I’ve attempted to disappear. And yet, here I am. Ta-da!

I guess I still want to atone in small ways. I’m still trying to create something new from the rubble of that person suspended in time. That person who recently woke up middle-aged and with a child who needs his help every day.

Even so, I still define myself, and mark milestones, in the context of Paul’s death. I don’t know if I’m wired to do otherwise.

My nephew, born two weeks before 9/11, visited me a couple days ago with one of his best friends from high school. They are on the cusp of leaving for college. Looking at them interact, more like brothers, but brothers of their own choosing, brought back a lot of warm memories.

They asked me how I communicated with my high school friends once we got to college, pre-email, pre-smart phone, and pre-social media. “By letter,” I said. And I recalled for them the day I arrived at my dorm, my mailbox had four letters in it all from Paul — who’d already been back at Brown for a month.

They smiled and blushed and my nephew turned to his friend and said, “Maybe we should write each other,” and they busted out laughing.

I made them watch Taxi Driver with me. I tried not to interrupt or recite the lines. But the whole time I remembered when me, and Paul, and Chris Kayser, rented it from the Wherehouse. We took it over to Manny Boroski’s on a Friday night along with four Little Caesars.

We snickered at the ridiculousness of Travis Bickle’s life and were uncomfortable at the ending, as were my nephew and his friend. But watching it so many years later with them gave me fresh eyes. I’m hearing the Wizard, the sage cabbie, try to talk a young Travis out of his desperation:

Wizard: Do anything. You got no choice, anyway. I mean, we’re all fucked. More or less, ya know.

Travis: I don’t know. That’s about the dumbest thing I ever heard.

…I wrote another friend this week telling them that if I didn’t do something soon, something, you know, big — that the world would continue to shrink around me and I would fade.

I said everyone I know, now in a sort of self-imposed exile of attempting to raise children, and keep their jobs — with the knowledge that a planet is in revolt, and our systems are failing — may also feel a need to do something. But what?

Here we all are, knowing the task at hand, and unable to do anything about it.

The Wizard may have been right all along.

And the thought occurs to me that Paul, in some ways, may have been the lucky one to have dodged all this. But isn’t that cynicism laid bare? And isn’t it even more cynical to put someone’s friendship in a glass case and hold on to it so tight? So tight that it squeezes out others.

Isn’t that the ultimate in selfishness?

It is.

Wednesday morning, I will drop my son off at Kindergarten and observe him interacting with his new cohort of little friends.
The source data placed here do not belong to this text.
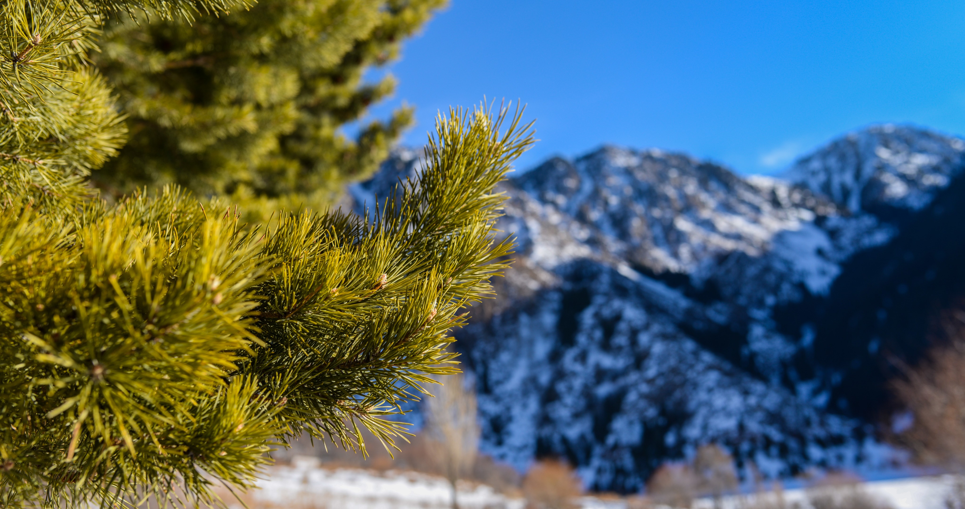 Tree Pins Closeup with Background Mountain - 4096x2160 4K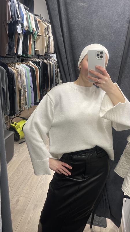 Свитер украинского бренда, очень теплый и классный состав: 40% шерсть 60% акрил, приятный к телу. Стан - красивый. По наборке размер М, но на фото одето на С и он оверсайз, подойдет и на М но будет более стандартного кроя. Цвет приведения как на фото - молочный.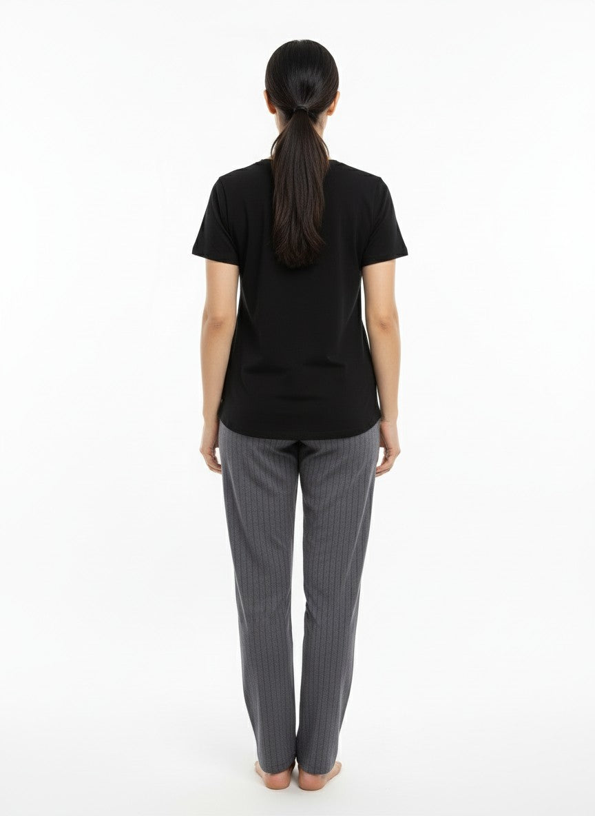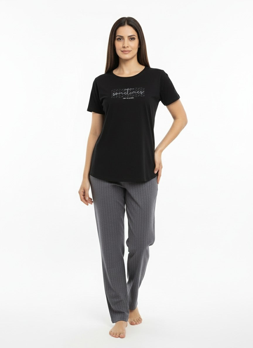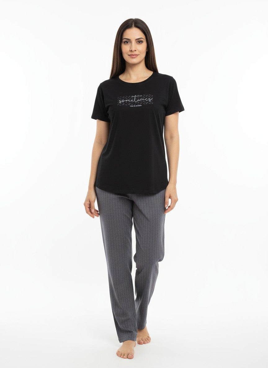 Experience everyday comfort with this Sukanya pyjama set designed in a regular fit silhouette featuring half sleeves, a round neckline, and a pullover closure enhanced by a graphic print. Crafted from lightweight, breathable hosiery fabric that is stretchable and suitable for all seasons, it promises softness and ease throughout your lounging or sleeping hours. Easy to care for with machine wash cold instructions, this set is perfect for relaxed comfort anytime.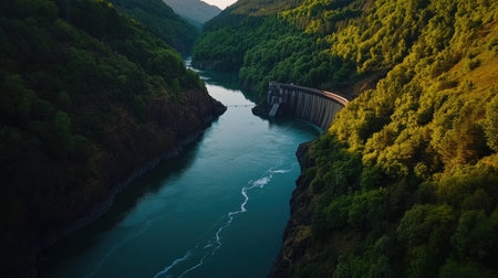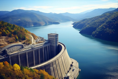 a hydroelectric power plant with a dam and water reservoir, surrounded by forests, created with generative ai

Some he’ll only know for a couple years. One or two may be with him his whole life. I marvel at these relationships forming.
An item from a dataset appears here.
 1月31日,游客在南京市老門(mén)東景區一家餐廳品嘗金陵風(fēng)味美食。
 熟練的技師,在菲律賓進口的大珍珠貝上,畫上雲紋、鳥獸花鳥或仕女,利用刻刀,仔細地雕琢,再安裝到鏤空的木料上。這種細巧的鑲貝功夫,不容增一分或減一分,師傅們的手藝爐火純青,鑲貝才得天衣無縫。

I think of Paul and a handful of others, some gone, some here, every day. I think of how friendships, like any relationship, require attention, require nurturing, require re-planting.
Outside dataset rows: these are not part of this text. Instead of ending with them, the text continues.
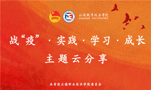 云分享活动分为两个主题,一个是战“疫”故事先进典型云分享活动。坚持思想引领与新冠肺炎疫情防控工作相结合,通过分享正德学子投身疫情防控工作中的所行所为或身边抗“疫”工作者、志愿者的所见所闻、所思所想,讲述在这一过程中的学习成长感悟。
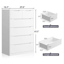 DEVAISE 7-Drawer Chest, Wood Storage Dresser Cabinet With Wheels, White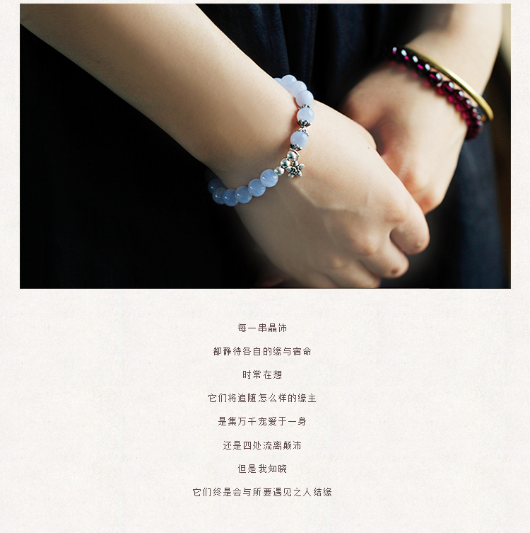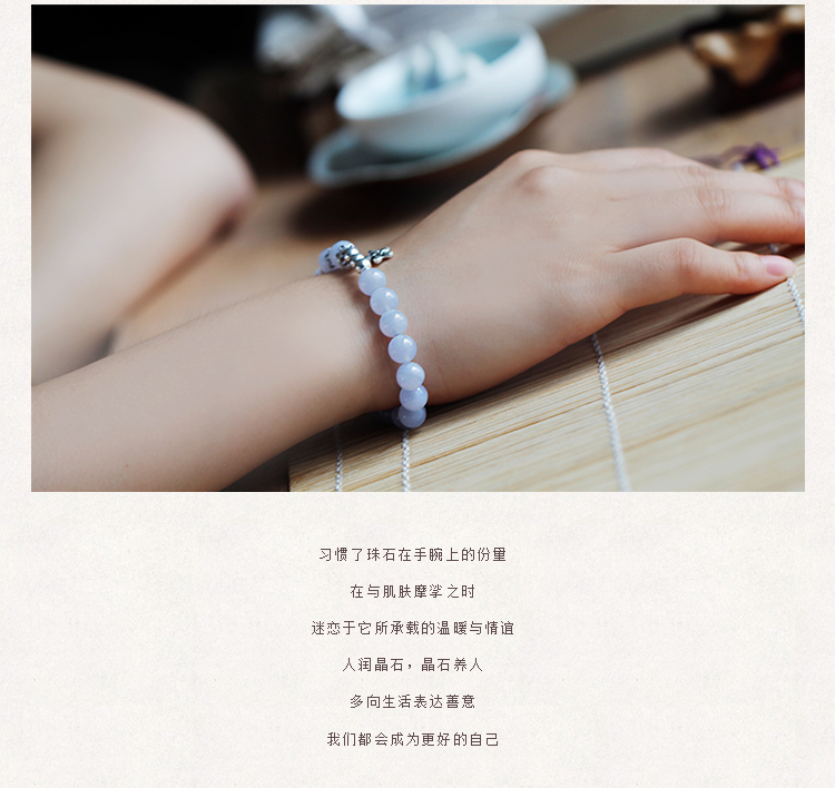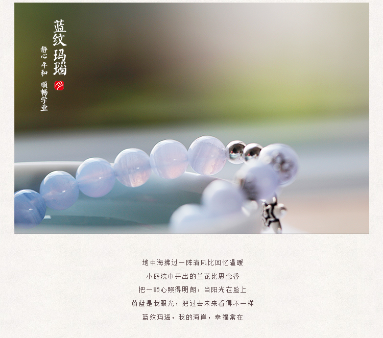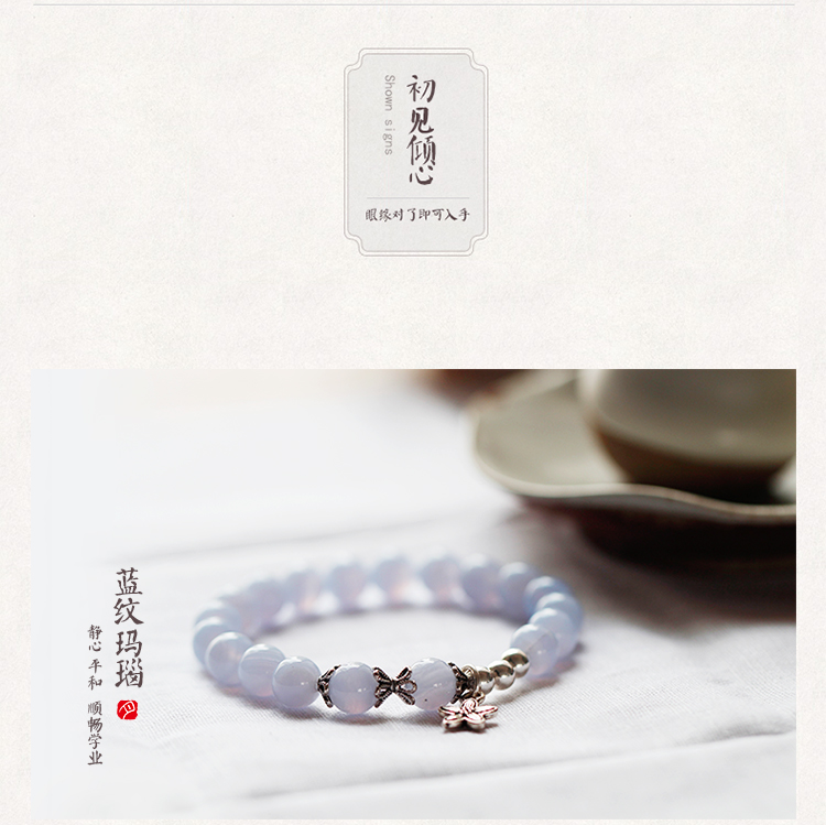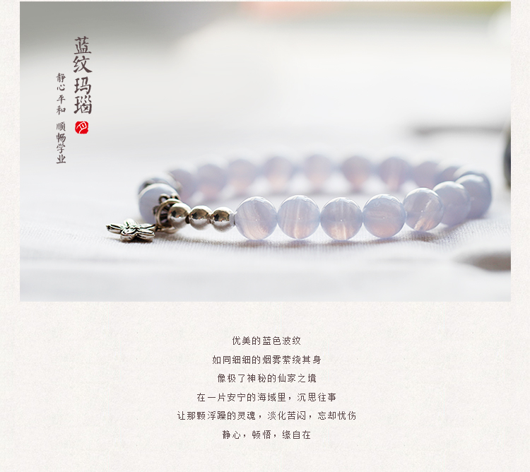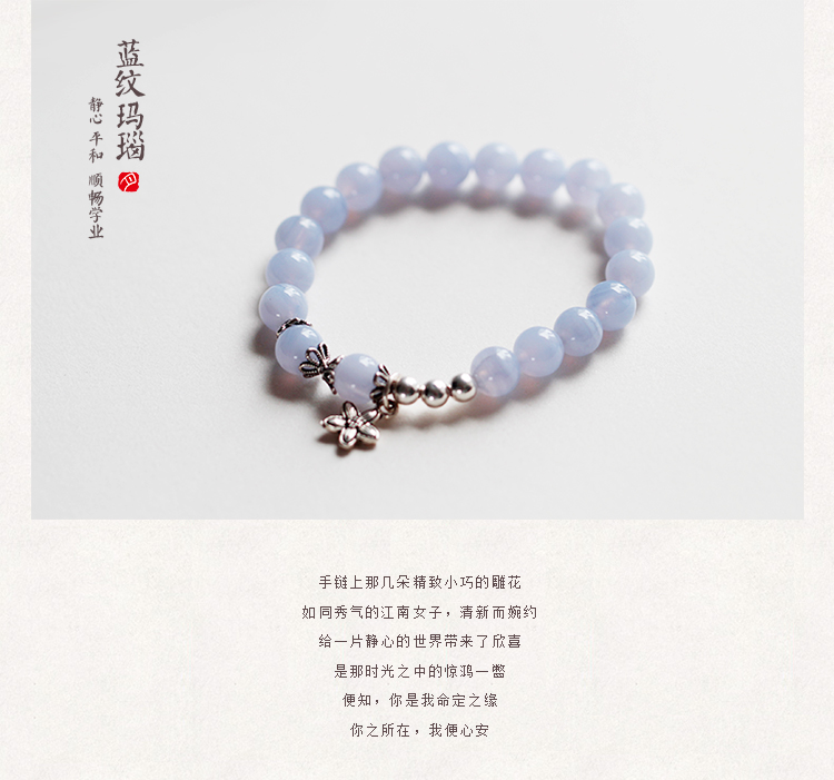 【静心】开运原创天然蓝纹玛瑙蓝玉髓S925银水晶手链女士

After drop-off, I’ll go for a run and shout Paul’s name off some high peak. I’ll be thankful I’m still around to do it. Then I’ll cry a little because I am here and maybe I’m not the one who should be.

I’ll think about him. In the car. At the store. When I’m with other friends. When I’m alone. At night. When my alarm goes off. When I’m at a stoplight. When someone says something a certain way. Or when someone looks at me funny. I reread his letters. I force myself to write down ways I can to better. And I promise myself I’ll follow through.

Whether or not I do this year is another story.

He would though. Because that’s the kind of guy he was. The kind of friend he always will be.